Assigned task ▸ Transcribe the data verbatim and drop its images.

(Given material begins)

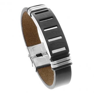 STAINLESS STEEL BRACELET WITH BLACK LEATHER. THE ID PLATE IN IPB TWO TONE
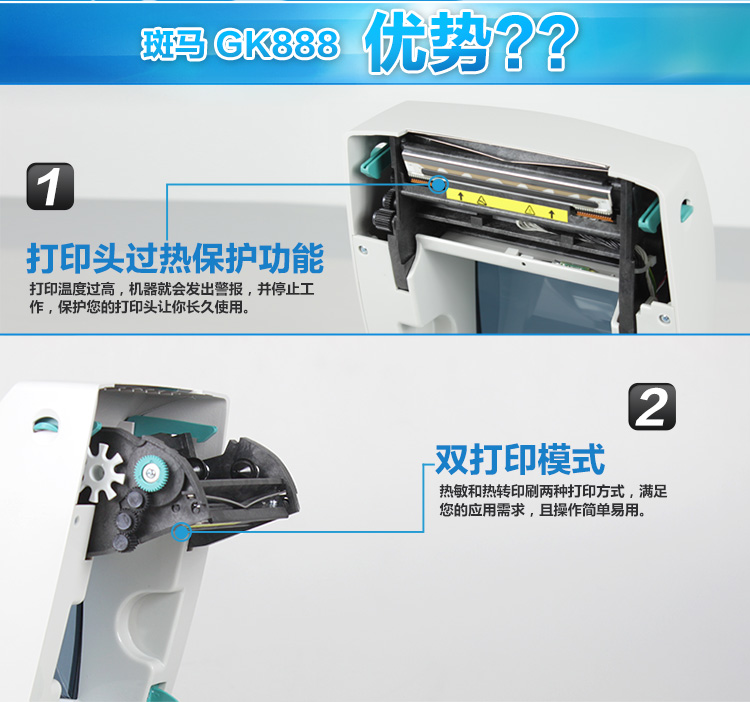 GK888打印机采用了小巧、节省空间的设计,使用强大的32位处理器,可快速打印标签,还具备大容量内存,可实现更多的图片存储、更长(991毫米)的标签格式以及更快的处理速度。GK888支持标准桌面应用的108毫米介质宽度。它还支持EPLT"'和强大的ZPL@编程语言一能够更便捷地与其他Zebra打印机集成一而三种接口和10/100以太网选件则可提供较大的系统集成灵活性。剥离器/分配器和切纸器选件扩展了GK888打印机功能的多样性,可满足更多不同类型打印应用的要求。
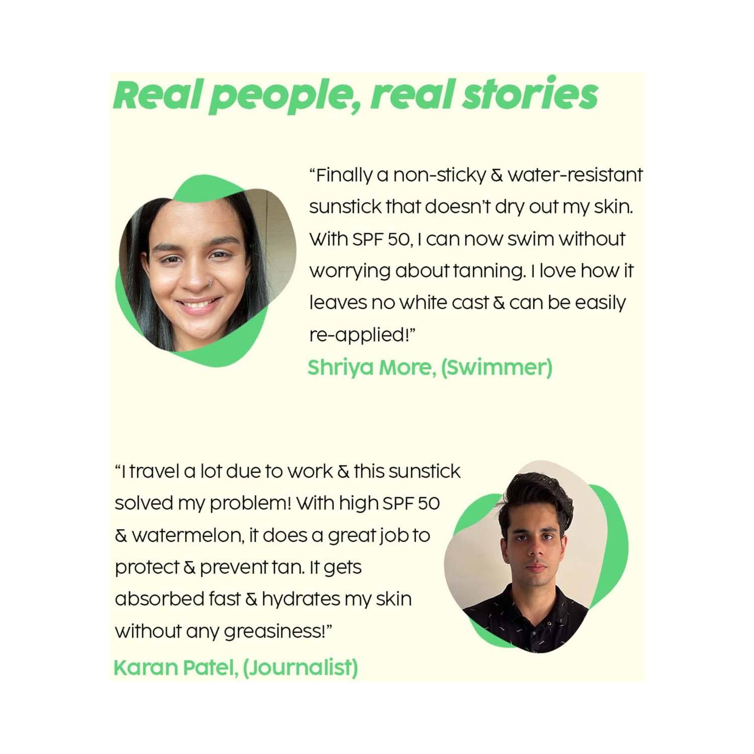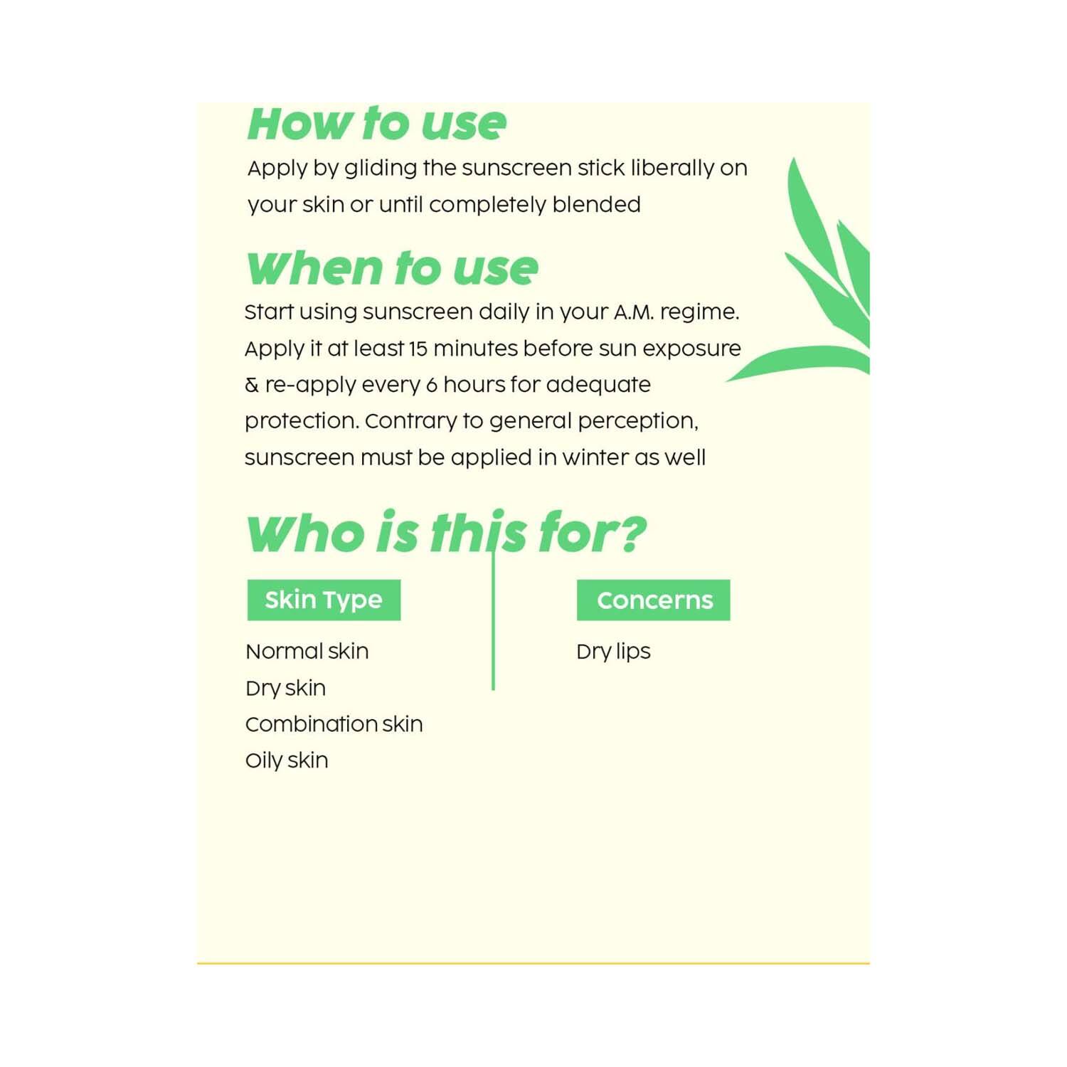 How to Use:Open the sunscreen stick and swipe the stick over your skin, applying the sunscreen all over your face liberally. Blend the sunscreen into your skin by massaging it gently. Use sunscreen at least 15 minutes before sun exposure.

(Given material ends)

Response area ▸
 STAINLESS STEEL BRACELET WITH BLACK LEATHER. THE ID PLATE IN IPB TWO TONE
 GK888打印机采用了小巧、节省空间的设计,使用强大的32位处理器,可快速打印标签,还具备大容量内存,可实现更多的图片存储、更长(991毫米)的标签格式以及更快的处理速度。GK888支持标准桌面应用的108毫米介质宽度。它还支持EPLT"'和强大的ZPL@编程语言一能够更便捷地与其他Zebra打印机集成一而三种接口和10/100以太网选件则可提供较大的系统集成灵活性。剥离器/分配器和切纸器选件扩展了GK888打印机功能的多样性,可满足更多不同类型打印应用的要求。
 How to Use:Open the sunscreen stick and swipe the stick over your skin, applying the sunscreen all over your face liberally. Blend the sunscreen into your skin by massaging it gently. Use sunscreen at least 15 minutes before sun exposure.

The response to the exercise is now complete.